If you’ve ever read the book ‘Eats shoots and leaves: The Zero Tolerance Approach to Punctuation’, you’ll appreciate the need for putting commas in their correct places. You’ll understand the value of a well-placed apostrophe.
Language can be a minefield of ambiguity, and the misuse of punctuation – deliberate or accidental – can lead to misunderstandings great and small. Whilst it may not be true that world wars have been started because of a poorly constructed sentence, it is probable that there have been some avoidable disagreements which have escalated, all because of a lack of precision.
So pity the poor web designer or programmer. If you inadvertently add a comma in describing a giant panda – eats, shoots and leaves – you could be misunderstood. The listener may think you are suggesting that the panda is a supporter of the 2nd Amendment – that’s the one in the American constutition which talks about the right to bear arms (although, not as some right wing American would have us believe, the right to carry semi-automatic assault rifles whilst shopping in the supermarket).
But if a programmer leaves out a comma – or a bracket, curly bracket, full stop, and so on – the result can be disaster. Not just a little misunderstanding but a completely blank screen. Put a / (forward slash) in the wrong place on the page you are currently reading and everything literally disappears.

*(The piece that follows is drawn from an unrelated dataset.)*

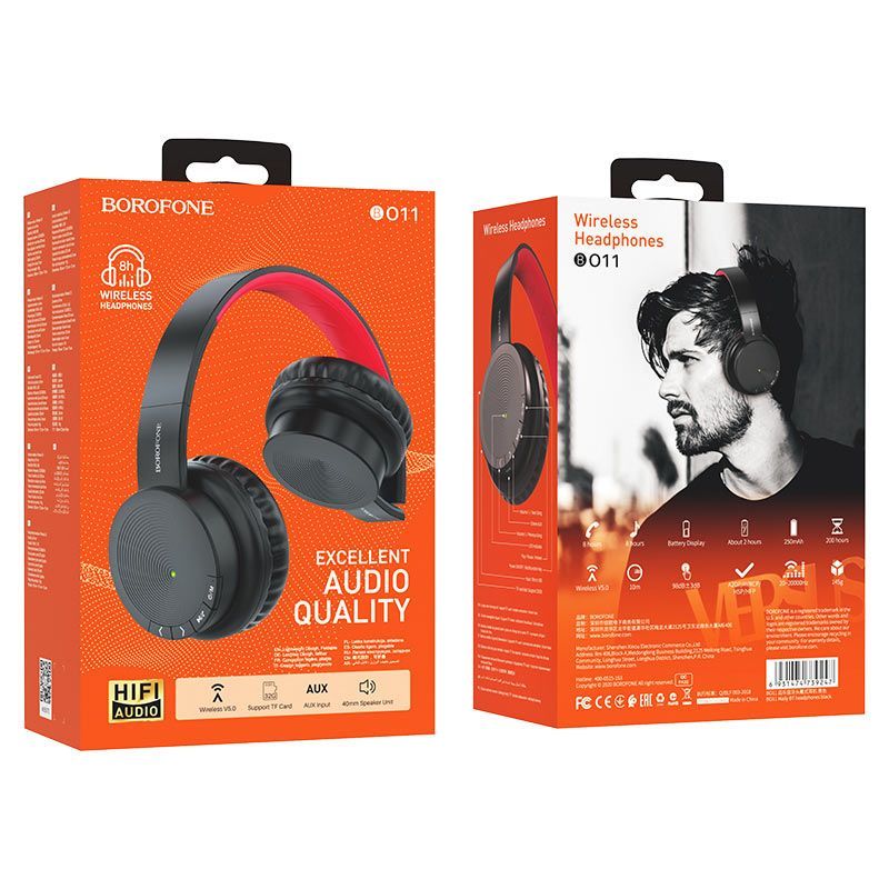 Накладные наушники Borofone BO11 Black отличают удобная посадка на голове и приятный на ощупь материал оголовья и амбушюр, для удобства транспортировки наушники имеют складную конструкцию. Вы будете избавлены от необходимости носить с собой провод, ведь наушники с гарнитурой Borofone BO11 Black легко подключить к совместимым с Bluetooth девайсам: смартфонам, планшетам, плеерам, компьютерам и пр.

The point of this post? Obviously to elicit sympathy for the community of web designers. (So if you have tears of sympathy in your eyes, consider a donation to you local website designers’ charity. If there isn’t one, give us a call and we’ll set one up for you). But also to highlight the fact that, like language, web programming requires skill and precision, and is therefore something best left to the professionals (rather than somebody you met down the pub)!